> [TASK STATEMENT] Reproduce only what runs from the line containing "特大ひまわりとラフィアのボタニカルスワッグ/玄関を華やかに彩る夏のアレンジ" to the line containing "Very nice country" in the records below, inclusive. Keep it exact, and keep the pictures out.

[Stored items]
<<<<

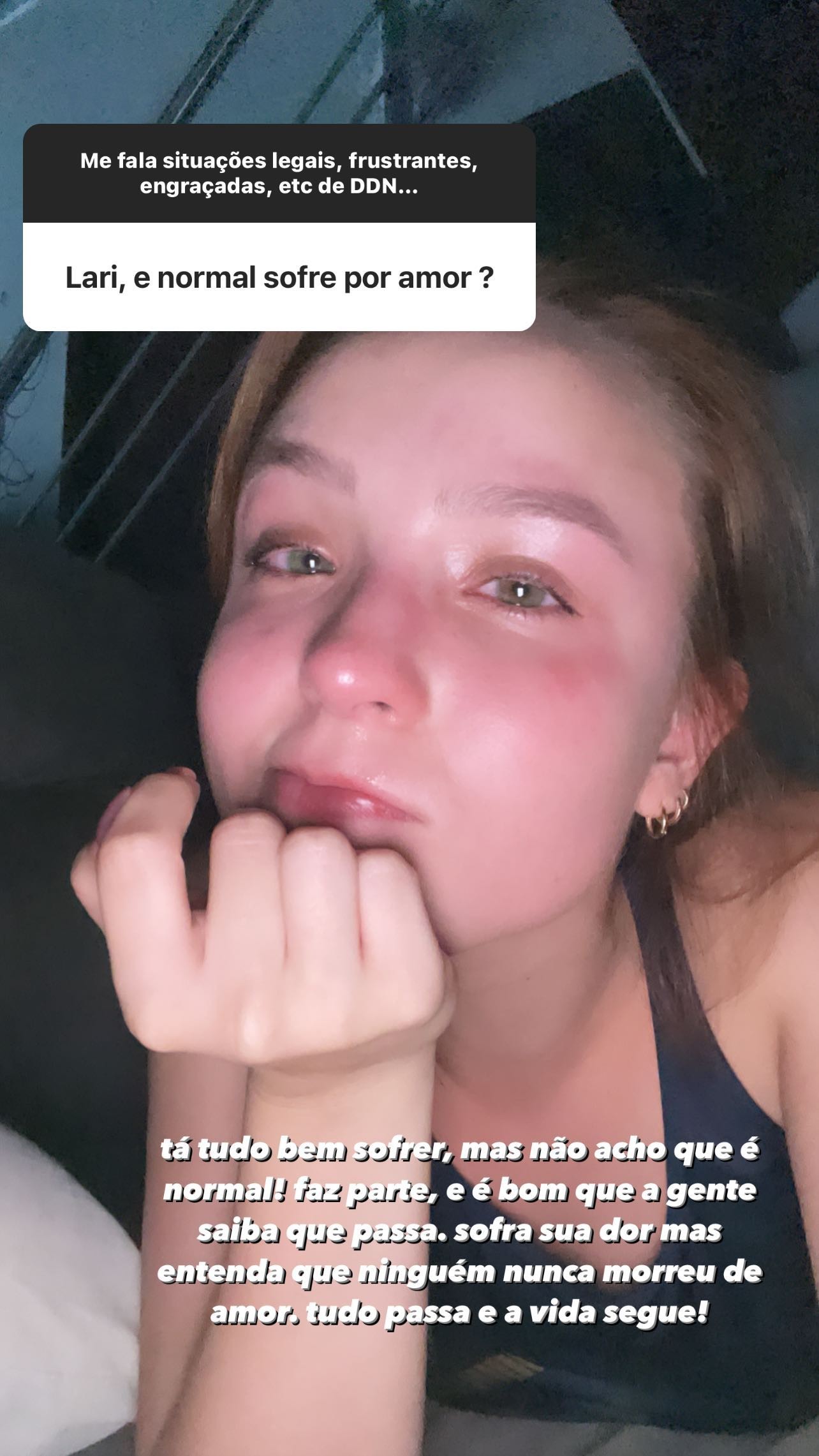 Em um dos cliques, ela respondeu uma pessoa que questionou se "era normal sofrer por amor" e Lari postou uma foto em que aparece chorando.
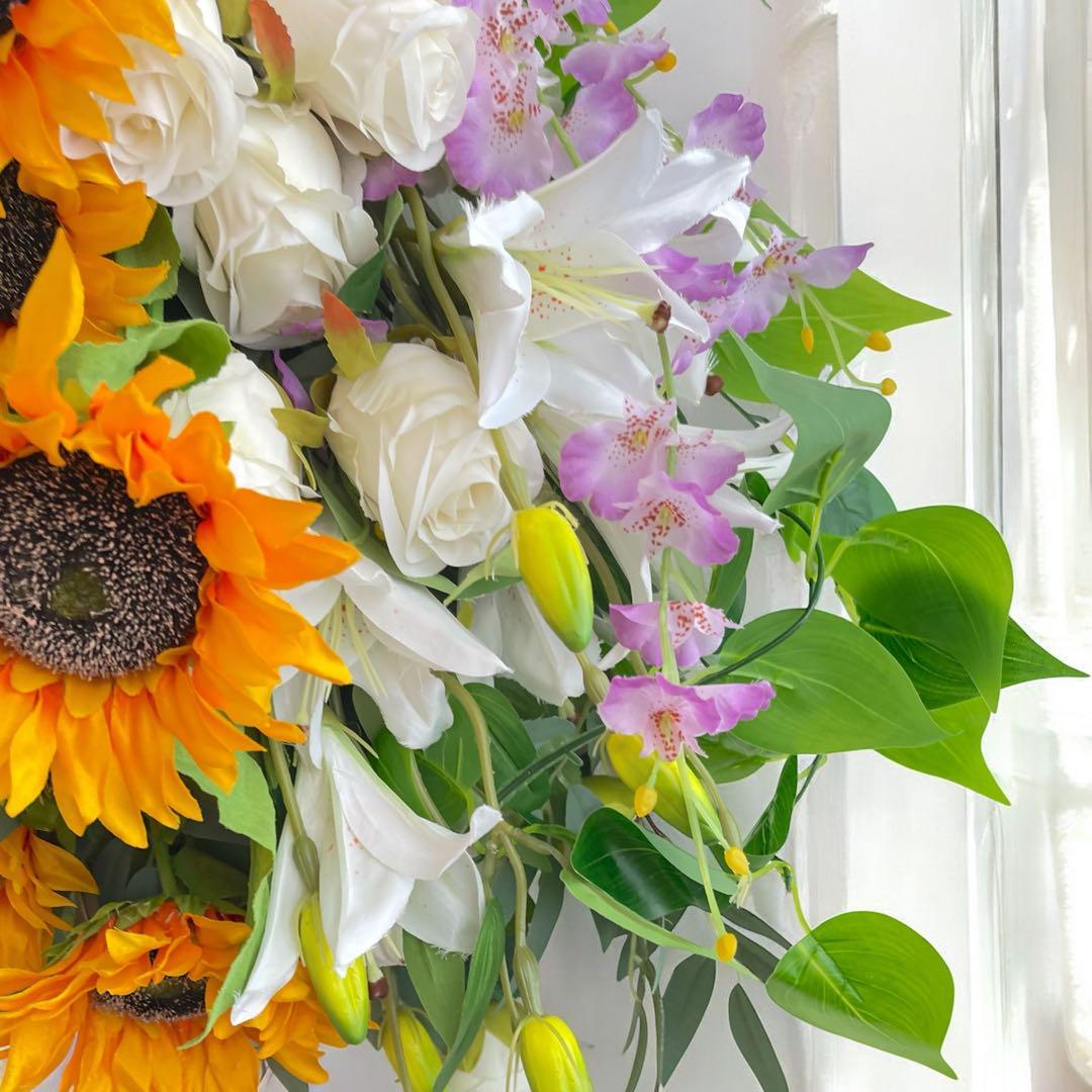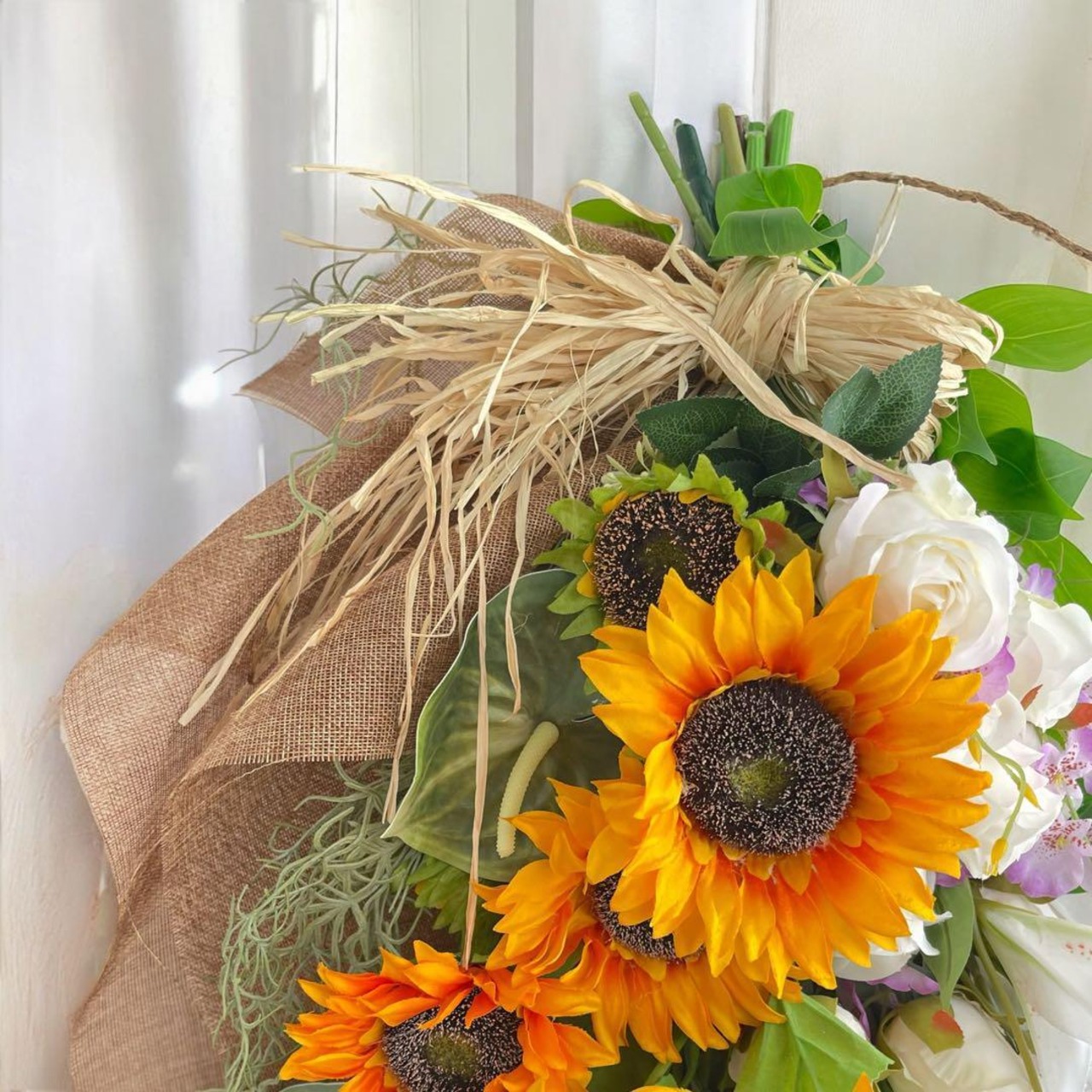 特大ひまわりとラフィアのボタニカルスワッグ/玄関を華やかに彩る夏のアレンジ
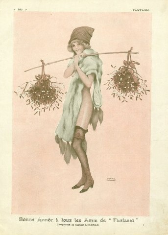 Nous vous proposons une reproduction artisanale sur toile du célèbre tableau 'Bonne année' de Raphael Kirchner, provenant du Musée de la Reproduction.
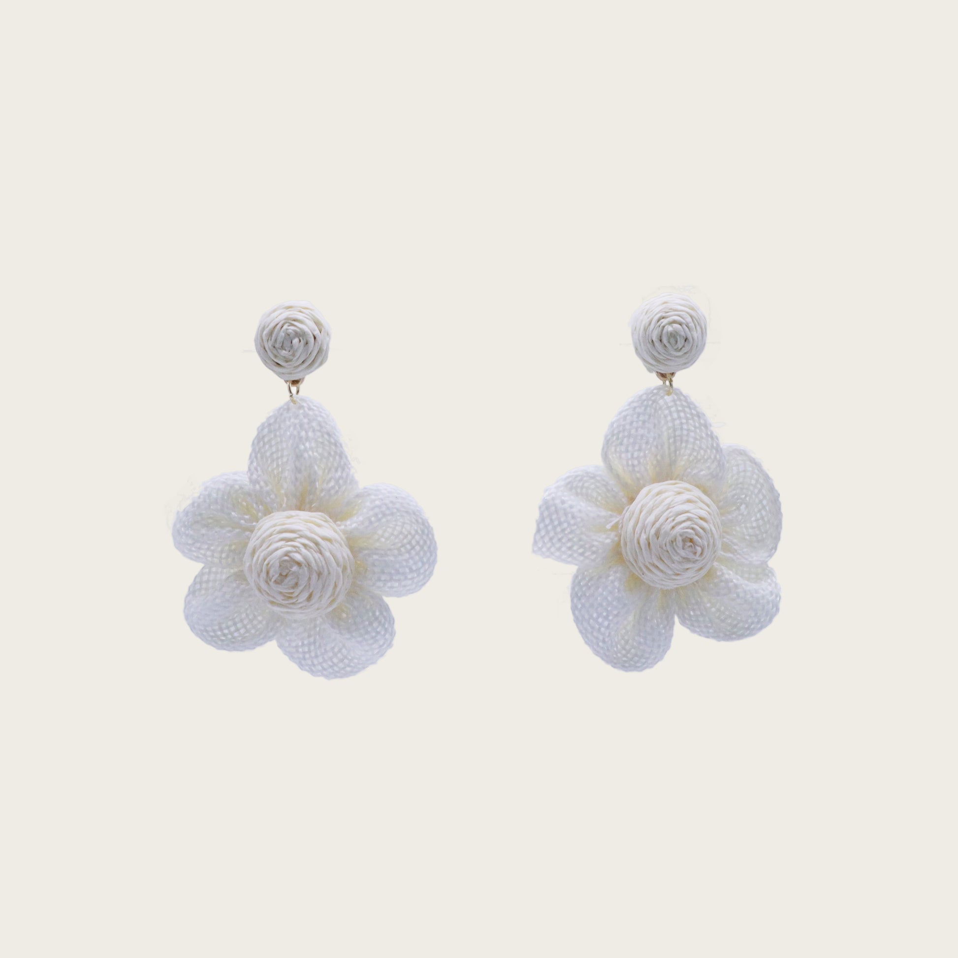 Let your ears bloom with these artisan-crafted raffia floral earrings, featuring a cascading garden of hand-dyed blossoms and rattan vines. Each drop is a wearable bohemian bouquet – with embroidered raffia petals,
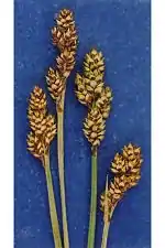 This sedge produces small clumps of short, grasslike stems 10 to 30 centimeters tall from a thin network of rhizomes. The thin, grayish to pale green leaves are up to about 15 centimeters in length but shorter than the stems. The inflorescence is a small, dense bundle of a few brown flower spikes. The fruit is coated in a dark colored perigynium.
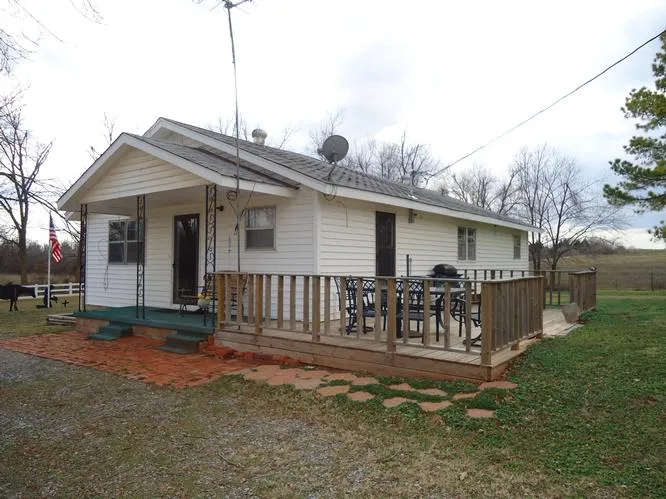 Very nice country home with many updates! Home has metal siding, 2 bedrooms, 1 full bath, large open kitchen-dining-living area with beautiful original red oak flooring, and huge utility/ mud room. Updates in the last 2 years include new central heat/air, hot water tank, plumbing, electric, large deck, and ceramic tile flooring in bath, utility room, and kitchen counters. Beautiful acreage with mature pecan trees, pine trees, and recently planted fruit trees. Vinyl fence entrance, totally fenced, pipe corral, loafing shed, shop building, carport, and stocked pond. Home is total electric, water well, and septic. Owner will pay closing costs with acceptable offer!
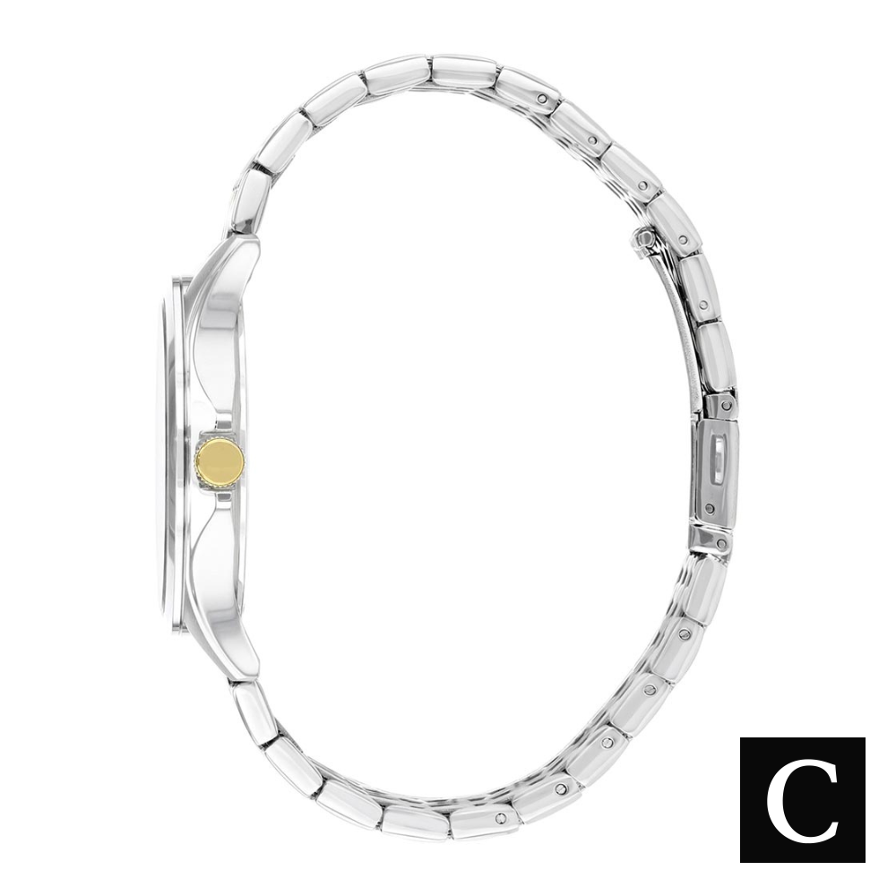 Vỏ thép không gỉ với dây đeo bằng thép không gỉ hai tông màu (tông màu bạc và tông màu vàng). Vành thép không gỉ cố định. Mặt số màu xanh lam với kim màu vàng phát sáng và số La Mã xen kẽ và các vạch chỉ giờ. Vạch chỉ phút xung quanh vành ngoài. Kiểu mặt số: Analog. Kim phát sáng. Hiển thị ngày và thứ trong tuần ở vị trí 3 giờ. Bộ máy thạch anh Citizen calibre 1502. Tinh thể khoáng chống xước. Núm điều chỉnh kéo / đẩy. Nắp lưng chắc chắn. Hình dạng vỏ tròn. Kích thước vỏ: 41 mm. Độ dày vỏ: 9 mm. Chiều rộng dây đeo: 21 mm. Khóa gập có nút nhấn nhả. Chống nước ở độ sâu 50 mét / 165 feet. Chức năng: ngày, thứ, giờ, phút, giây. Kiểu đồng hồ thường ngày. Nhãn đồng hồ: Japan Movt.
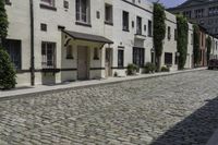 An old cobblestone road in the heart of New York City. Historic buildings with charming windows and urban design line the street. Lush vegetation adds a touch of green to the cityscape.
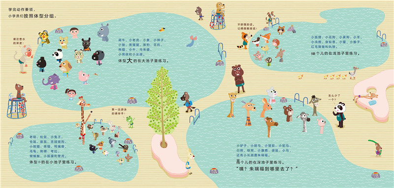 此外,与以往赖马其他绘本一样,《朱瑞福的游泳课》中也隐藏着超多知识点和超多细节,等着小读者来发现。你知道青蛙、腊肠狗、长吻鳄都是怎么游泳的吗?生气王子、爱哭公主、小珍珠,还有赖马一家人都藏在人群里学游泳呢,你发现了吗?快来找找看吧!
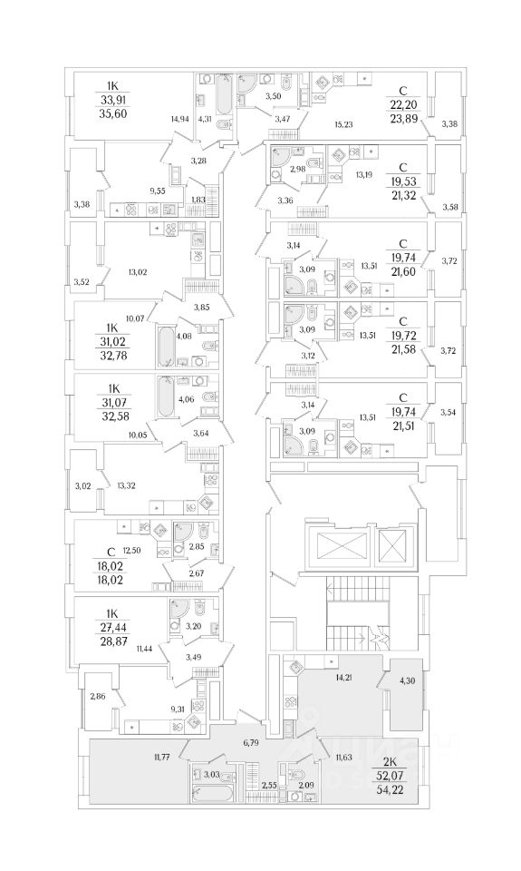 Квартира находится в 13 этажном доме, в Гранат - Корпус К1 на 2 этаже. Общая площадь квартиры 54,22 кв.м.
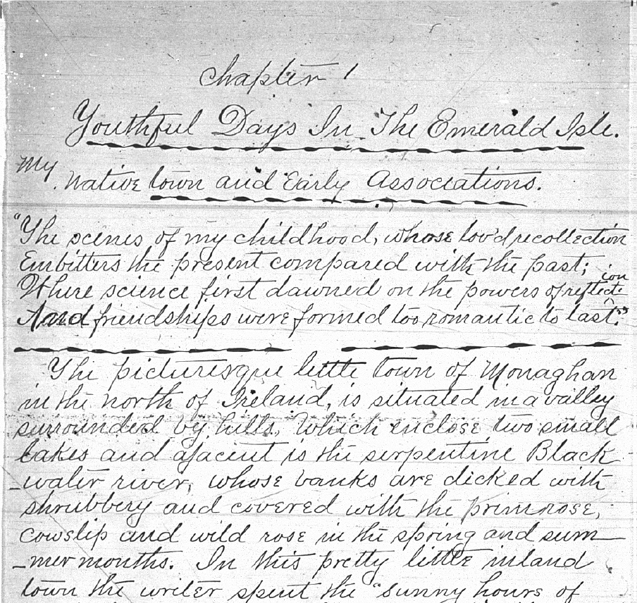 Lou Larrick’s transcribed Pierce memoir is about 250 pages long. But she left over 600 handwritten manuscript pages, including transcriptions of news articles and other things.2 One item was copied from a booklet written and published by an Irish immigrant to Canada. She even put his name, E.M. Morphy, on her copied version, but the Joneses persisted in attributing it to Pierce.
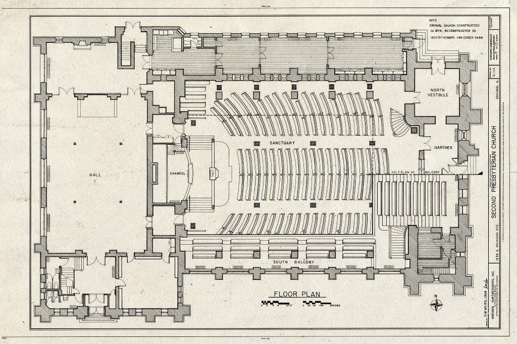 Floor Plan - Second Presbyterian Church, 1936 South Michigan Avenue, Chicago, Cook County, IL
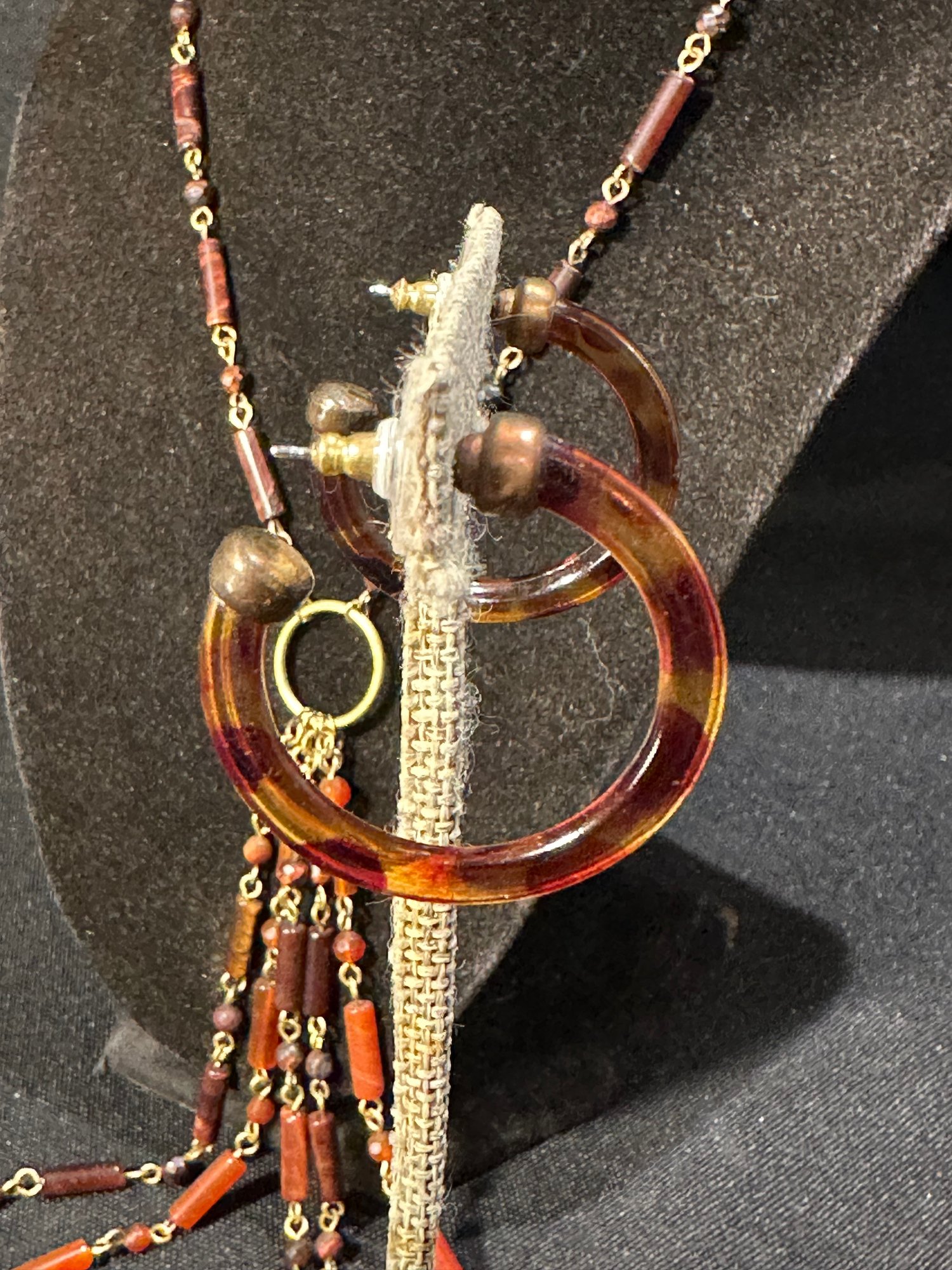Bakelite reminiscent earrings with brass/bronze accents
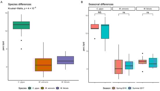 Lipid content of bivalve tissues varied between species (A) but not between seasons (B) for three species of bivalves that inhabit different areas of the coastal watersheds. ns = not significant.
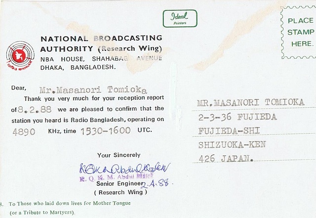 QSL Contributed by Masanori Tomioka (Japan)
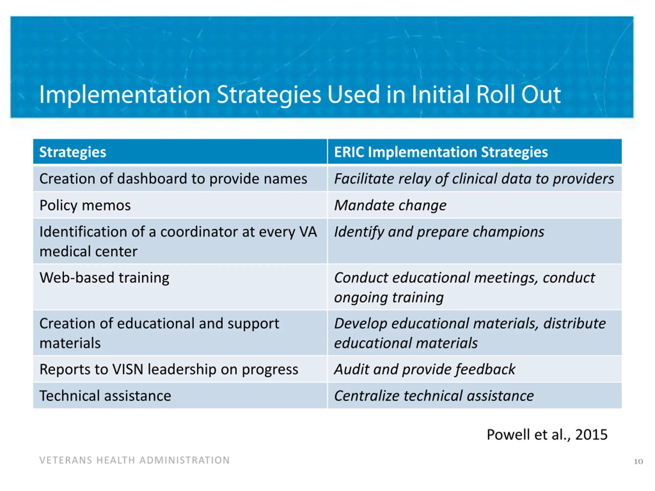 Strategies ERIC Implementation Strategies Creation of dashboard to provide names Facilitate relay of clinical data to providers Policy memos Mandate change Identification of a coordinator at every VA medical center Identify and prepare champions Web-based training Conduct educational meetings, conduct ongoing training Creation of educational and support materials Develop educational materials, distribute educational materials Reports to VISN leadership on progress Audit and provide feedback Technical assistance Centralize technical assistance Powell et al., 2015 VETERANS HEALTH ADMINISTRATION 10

>>>>

> [SOLUTION TO THIS EXERCISE]
 特大ひまわりとラフィアのボタニカルスワッグ/玄関を華やかに彩る夏のアレンジ
 Nous vous proposons une reproduction artisanale sur toile du célèbre tableau 'Bonne année' de Raphael Kirchner, provenant du Musée de la Reproduction.
 Let your ears bloom with these artisan-crafted raffia floral earrings, featuring a cascading garden of hand-dyed blossoms and rattan vines. Each drop is a wearable bohemian bouquet – with embroidered raffia petals,
 This sedge produces small clumps of short, grasslike stems 10 to 30 centimeters tall from a thin network of rhizomes. The thin, grayish to pale green leaves are up to about 15 centimeters in length but shorter than the stems. The inflorescence is a small, dense bundle of a few brown flower spikes. The fruit is coated in a dark colored perigynium.
 Very nice country home with many updates! Home has metal siding, 2 bedrooms, 1 full bath, large open kitchen-dining-living area with beautiful original red oak flooring, and huge utility/ mud room. Updates in the last 2 years include new central heat/air, hot water tank, plumbing, electric, large deck, and ceramic tile flooring in bath, utility room, and kitchen counters. Beautiful acreage with mature pecan trees, pine trees, and recently planted fruit trees. Vinyl fence entrance, totally fenced, pipe corral, loafing shed, shop building, carport, and stocked pond. Home is total electric, water well, and septic. Owner will pay closing costs with acceptable offer!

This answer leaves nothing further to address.